PROBLEM TO BE SOLVED: To provide a film capacitor that can be made compact, and can have a high capacity, by reducing the volume ratio of a metallicon electrode.SOLUTION: In a film capacitor including a wound body 2 formed by winding at least a pair of dielectric films 4a, 4b having electrode films 5a, 5b on the surface, and a pair of metallicon electrodes 3a, 3b provided at the opposite ends of the wound body 2, the wound body 2 has an effective part 2c the electrode films 5a, 5b of the pair of dielectric films 4a, 4b are superposed each other, and a pair of margin parts 2a, 2b including any one of the electrode films 5a, 5b, and interposed between the effective part 2c and the and metallicon electrodes 3a, 3b. The diameter d1 of the effective part 2c in a cross-section perpendicular to the winding axis X of the wound body 2 is made larger than the diameter d2 of the metallicon electrodes 3a, 3b.

Description

  The present invention relates to a film capacitor.

  A film capacitor is a metallized film that uses an electrode film by depositing a metal such as aluminum on the surface of the dielectric film. Self-healing performance specific to the electrode film (when a short circuit occurs in an insulation defect, Since the electrode film around the defective portion is evaporated and scattered by the short-circuit energy to insulate and recover the function of the capacitor), it has been widely used because of its high reliability against dielectric breakdown.

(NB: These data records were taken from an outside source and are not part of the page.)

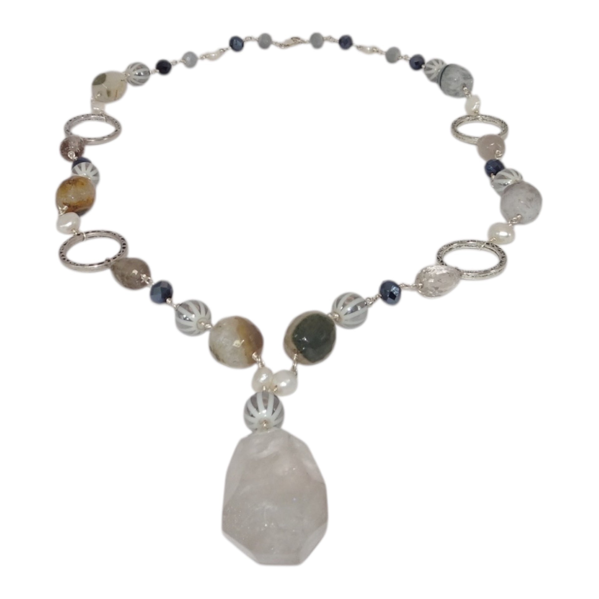 This collection features sterling silver necklaces adorned with authentic natural stones. Each piece exudes sophistication and refined style. The natural stones not only showcase nature’s beauty but also offer calming energy and balance. Versatile in design, these necklaces complement any outfit, instantly elevating your look with a touch of elegance and grace.
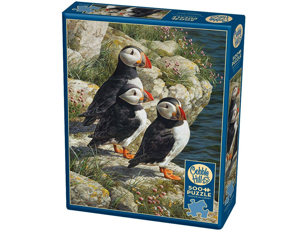 What are these three cute little puffins doing at "Fisherman's Wharf"? A beautiful 500 piece nature puzzle by Carl Brenders. Cobble Hill was founded in 2005 with a desire to bring loving, whimsical, high-quality images to puzzle enthusiasts around the world! Our puzzles have been described as nostalgic, lively, endearing, sweet, durable, and fine quality.
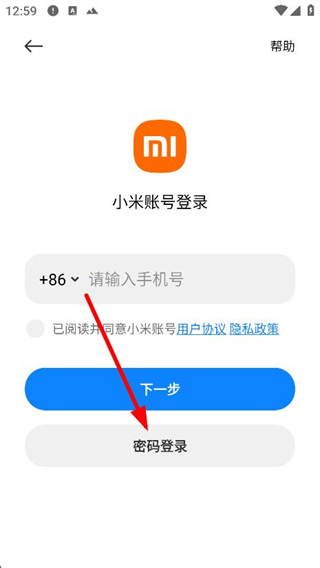 3、在登录页面点击密码登录,输入需要登录的手机号码。
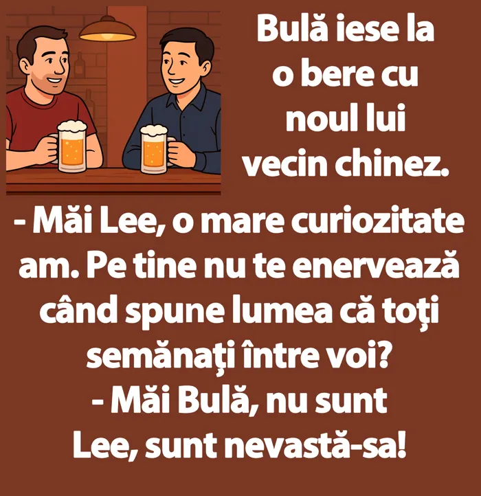 În această zi de sâmbătă, Gândul.ro vă pune zâmbetul pe buze cu un nou banc savuros. De data aceasta, personajul principal al bancului este celebrul Bulă. Acesta iese la o bere cu vecinul lui chinez.
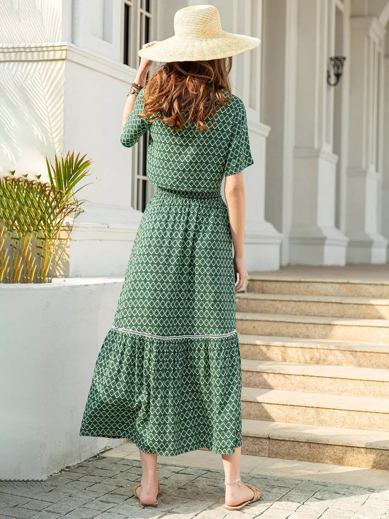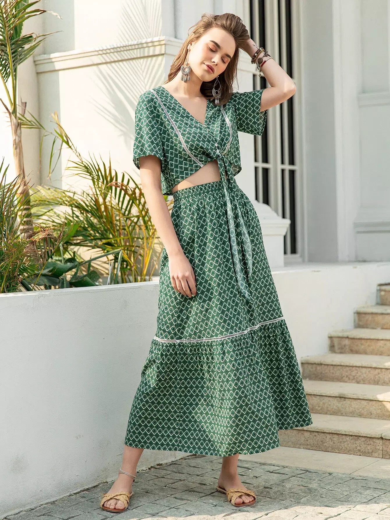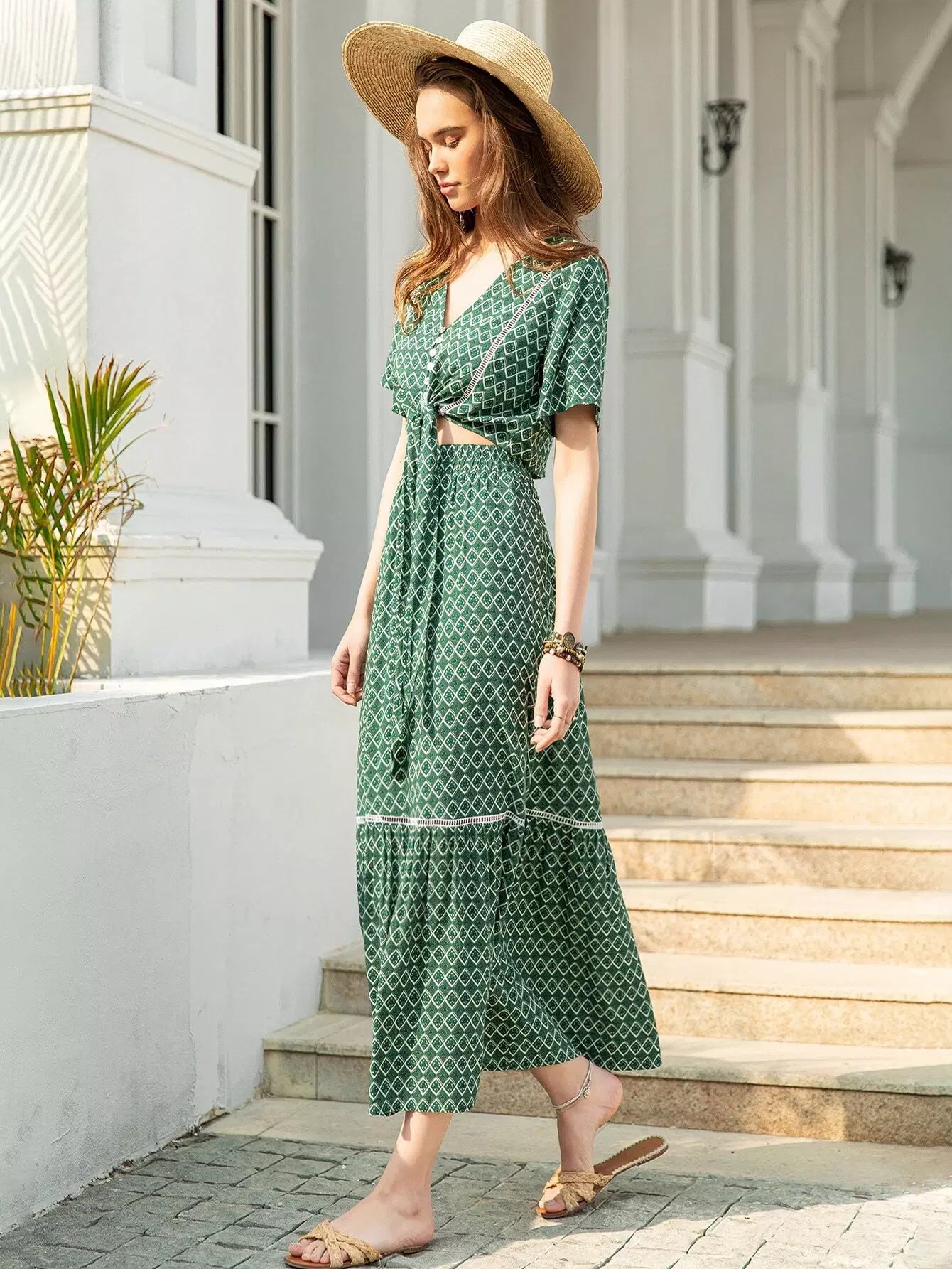 طقم تنورة وقميص بطباعة كاملة وتفاصيل عقدة
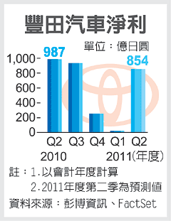 311大震及海嘯重創日本東北供應商,使日本汽車業者遭遇零件短缺,包括豐田汽車在內,可能使豐田的汽車產量及銷售比平常低落。FactSet分析師預估,豐田7至9月的會計年度第二季淨利為854億日圓(11億美元),不如去年同期的987億日圓。
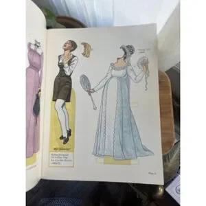 This pre-owned Dover Publications "Glamorous Movie Stars of the Sixties Paper Dolls" book by Tom Tierney features a pink cover with illustrations of three paper dolls. Inside, the book contains various paper dolls and their outfits, including figures like Rita Hayworth and Natalie Wood. Visible pages show cut-out paper dolls and clothing, indicating some use. The book measures approximately 9.5 ounces on a digital scale, suggesting a paperback format.

  Such a film capacitor is obtained by stacking and winding two metallized films while being shifted from each other, and forming metallicon electrodes at both ends in the width direction of the film. For example, in Patent Document 1, for the purpose of improving the connection strength between the metal surface of the metallized film and the metallicon electrode, the vapor deposition surface of the metal surface is oriented in the direction of thermal spraying of the metallicon at both ends of the metallized film. It is tilted.

JP 2013-138046 A

  However, in the film capacitor described in Patent Document 1, the outer diameter of the metallicon electrode is about the same as the outer diameter of the wound body around which the metallized film is wound, and the volume ratio of the metallicon electrode to the wound body is large. There was a problem that it was difficult to reduce the size and increase the capacity of the capacitor.

  The present invention has been made in view of the above problems, and an object of the present invention is to provide a film capacitor that can be easily reduced in size and increased in capacity by reducing the volume ratio of the metallicon electrode.

  The film capacitor of the present invention is a film capacitor comprising a wound body obtained by winding at least a pair of dielectric films having electrode films on the surface, and a pair of metallicon electrodes provided at both ends of the wound body. The wound body includes an effective portion in which the electrode films of the pair of dielectric films overlap each other and the electrode film, and a pair of margins interposed between the effective portion and the metallicon electrode. And the diameter of the effective portion is larger than the diameter of the metallicon electrode in a cross section perpendicular to the winding axis of the winding body.

  ADVANTAGE OF THE INVENTION According to this invention, the volume ratio of a metallicon electrode can be reduced and the film capacitor which can be easily reduced in size and increased in capacity can be provided.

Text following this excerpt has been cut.